#### What the exercise asks:
Exact transcription of the data below is required, without the images.

#### Source data:
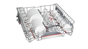 3-fach Rackmatik: Auch mit voll beladenem Oberkorb in 3 Stufen bis zu 5 cm höhenverstellbar.
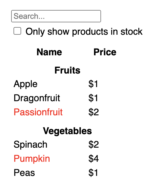 ProductTableneeds to filter the product list based on that state (search text and checkbox value).SearchBarneeds to display that state (search text and checkbox value).
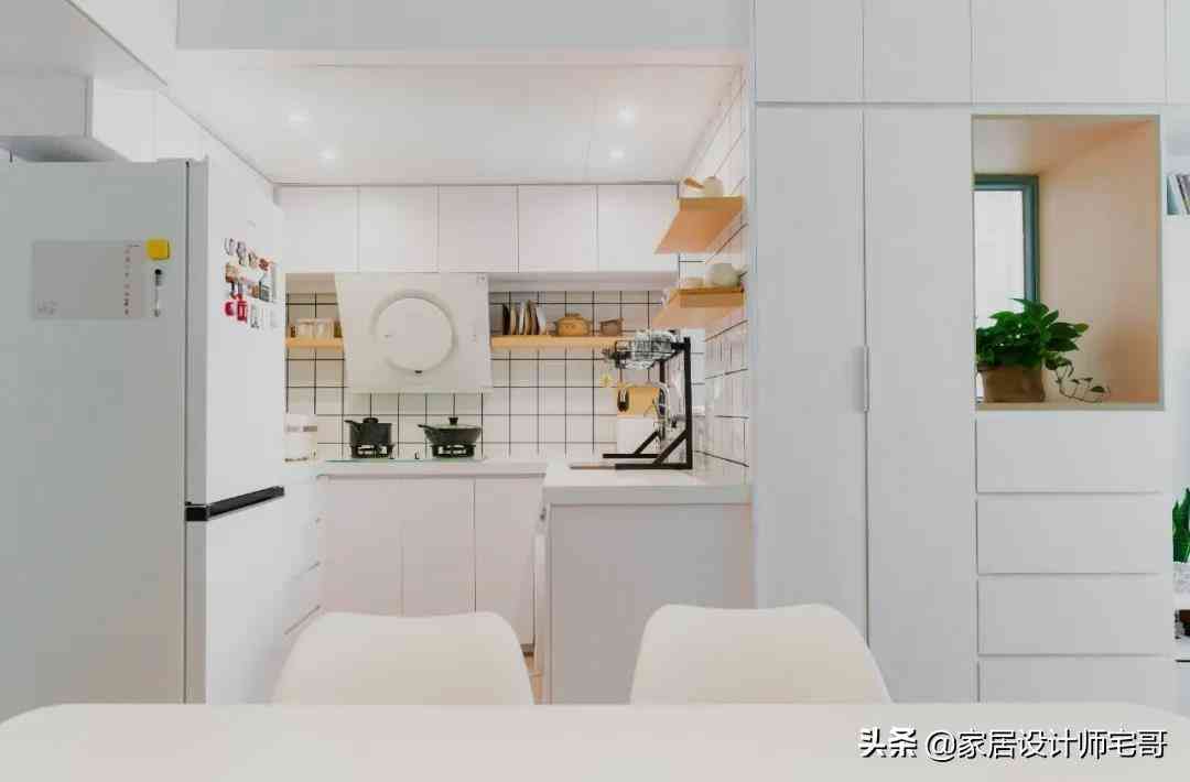 廚房超級干凈又利索,奶白色系加上一點原木色的點綴,滿滿的治愈感。

#### Solution below:
 3-fach Rackmatik: Auch mit voll beladenem Oberkorb in 3 Stufen bis zu 5 cm höhenverstellbar.
 ProductTableneeds to filter the product list based on that state (search text and checkbox value).SearchBarneeds to display that state (search text and checkbox value).
 廚房超級干凈又利索,奶白色系加上一點原木色的點綴,滿滿的治愈感。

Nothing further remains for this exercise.